Somut olaya gelince; mahkemece sadece taşınmazın satış bedeli ile keşifte belirlenen gerçek değeri arasındaki fark nazara alınarak davanın kabulüne karar verilmiştir. Oysa ki, sadece bedeller arasındaki aşırı fark muvazaanın varlığına kanıt sayılamaz.

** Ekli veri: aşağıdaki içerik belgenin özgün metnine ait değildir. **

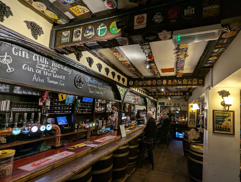 Gloucester. Located in a medieval building on St.Mary's Lane, it was originally part of the Golden Heart pub and was mostly an open courtyard in the 18th century. In the 1970s it was a wine bar called the Inner Court, reopened as Greyfriars in 1987, and became Cafe Rene in 1998. The pub contains an authentic Roman well that may have been used by the Franciscan friars who founded the nearby Greyfriars monastary in 1231. There are underground tunnels that connected the cathedral to other parts of the city used by the monks as escape routes, and during the Reformation Oliver Cromwell used them to evade the Cavaliers during the Civil War. It is reputed to have six ghosts and a poltergeist, including a monk, and elderly woman, and a ginger bearded man. Inside is a spacious area surrounding a long bar (check out all the wine bottles on the ceiling of the large dining room!). I enjoyed a Stumble Bee Ale from South Hams Brewery - the addition of a bit of Slokeley honey gave it a nice sweet and bitter flavor.

TMK’nun 6. Maddesi ile HMK’nun 190. maddesi gereğince herkes iddiasını ispatla mükelleftir.Mahkemece yapılan ararştırma ve inceleme hüküm kurmaya elverişli değildir. Bu sebeple yukarda açıklanan ilkeler doğrultusunda mahkemece gerekli araştırma incelemenin yapılması, davacı ve davalının delil listelerinde gösterdiği tanıkların dinlenmesi,toplanan ve toplanacak deliller ile murisin gerçek iradesinin saptanarak karar verilmesi gerekirken eksik araştırma ve inceleme ile yazılı şekilde hüküm kurulmuş olması doğru değildir.

SONUÇ: Davalının temyiz itirazları değinilen yönler itibariyle yerindedir. Kabulü ile hükmün açıklanan nedenlerden ötürü (6100 Sayılı Kanun’un geçici 3.maddesi yollaması ile) 1086 Sayılı HUMK’un 428.maddesi gereğince BOZULMASINA, alınan peşin harcın temyiz edene iadesine, 02.03.2017 tarihinde oybirliğiyle karar verildi.